Correlation between suppression of ipl-2 and sensitivity to TORC1 depletion. (A) Cultures of WT (KT1112), ipl1-2 (KT1963), ipl1-2 tco89-71 (KT3002), ipl1-2 glc7-129, (KT3076), ipl1-2 glc7-127 (KT1965), and ipl1-2 glc7-109 (KT1964) strains were serially diluted onto YPD medium and imaged after 40 h at the indicated temperatures. (B) Cultures of WT (KT1112), tco89-71 (KT2958), glc7-129 (KT1774), glc7-127 (KT1967), and glc7-109 (KT1966) strains were serially diluted onto YPD medium containing 5 nM rapamycin or 5 mM caffeine and imaged as in A.

Fig. 5.

Tco89 is required for the normal nuclear localization of Glc7. (A) Subcellular distribution of Glc7-mCitrine in WT (KT3252), tco89-71 (KT3245), YPI1-GFP (KT3247), and tco89-71 YPI1-GFP (KT3250) strains at log phase in YPD medium grown at 30 °C. WT and mutant cells were imaged in the same field and distinguished by Pom34-mCherry fluorescence in the mutant cells. (Top panels) Fluorescence images of Pom34-mCherry overlaid on differential interference contrast (DIC) images. (Bottom and Middle panels) Fluorescence images of Glc7-mCitrine.

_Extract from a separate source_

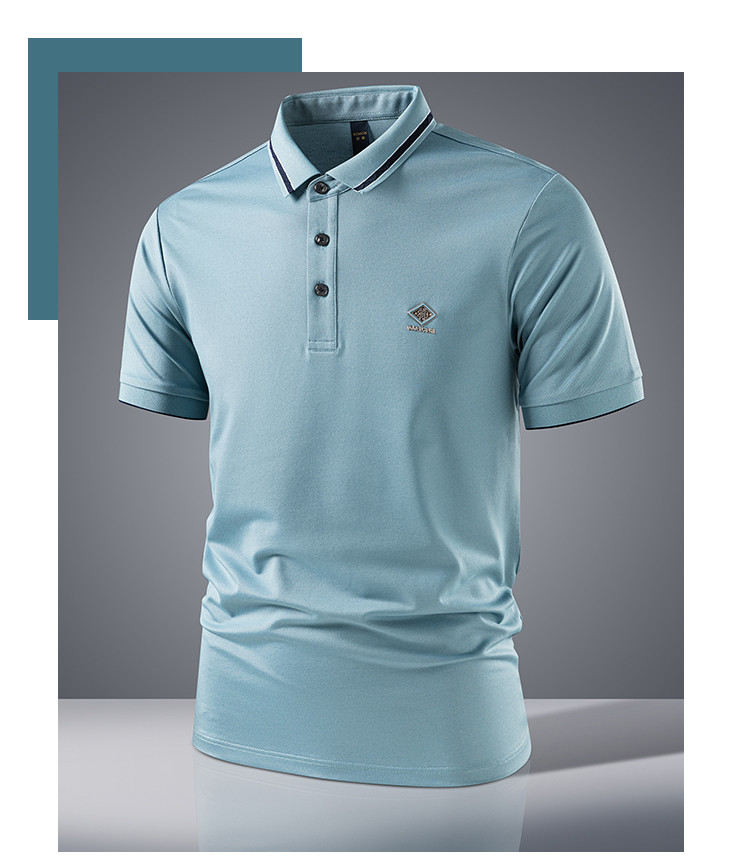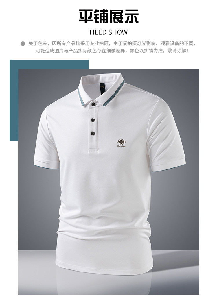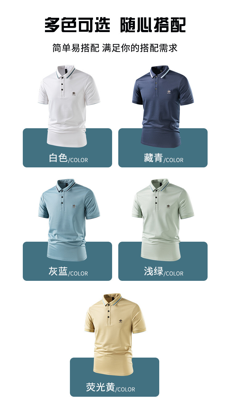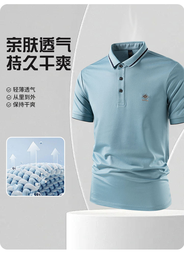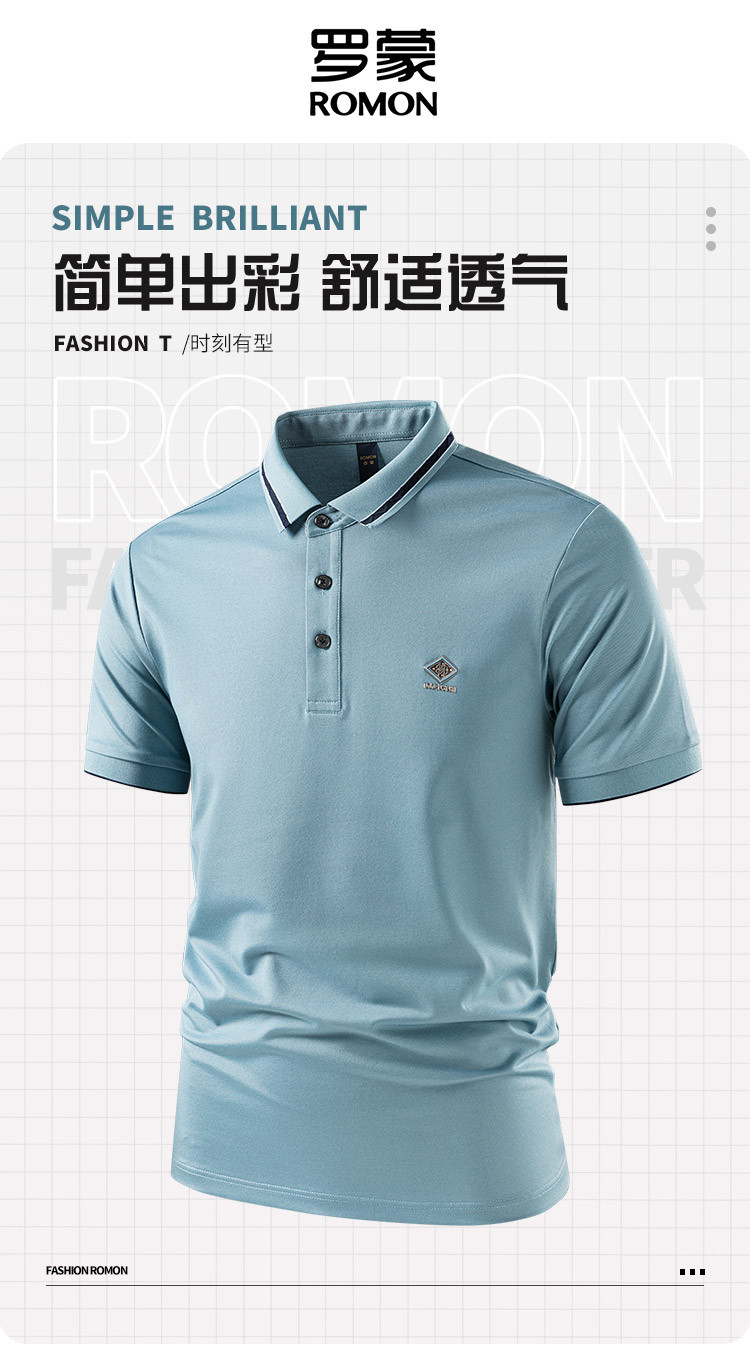 【7A抗菌凉感醋酸亚麻桑蚕丝】罗蒙男士夏季短袖Polo防紫外线t恤男短袖polo衫男

The images in the lowest panel are displayed using a six-shade look-up table to better distinguish fluorescence levels between WT and mutant cells. (Scale bar: 5 μm.) (B) Quantitative analysis of nuclear and cytoplasmic Glc7-mCitrine fluorescence of cells (n ≥ 67 cells) imaged in A. The ratio of nuclear-to-cytoplasmic fluorescence is presented for each panel in A. Error bars, SD. Significantly different levels from WT, *P < 10⁻²⁰, according to the unpaired Student's t test. (C) Immunoblot analysis with anti-GFP antibody of extracts from strains imaged in A. Glc7-mCitrine levels are relative to the loading control (Pgk1) and normalized to the WT. (D) Quantitative analysis of nuclear and cytoplasmic Glc7-mCitrine fluorescence in WT cells (KT3242) after treatment with 10 mM caffeine or 10 nM rapamycin. n ≥ 50 cells. Error bars, SD. Significantly different levels from YPD-grown control, *P < 10⁻¹⁹, according to the unpaired Student's t test.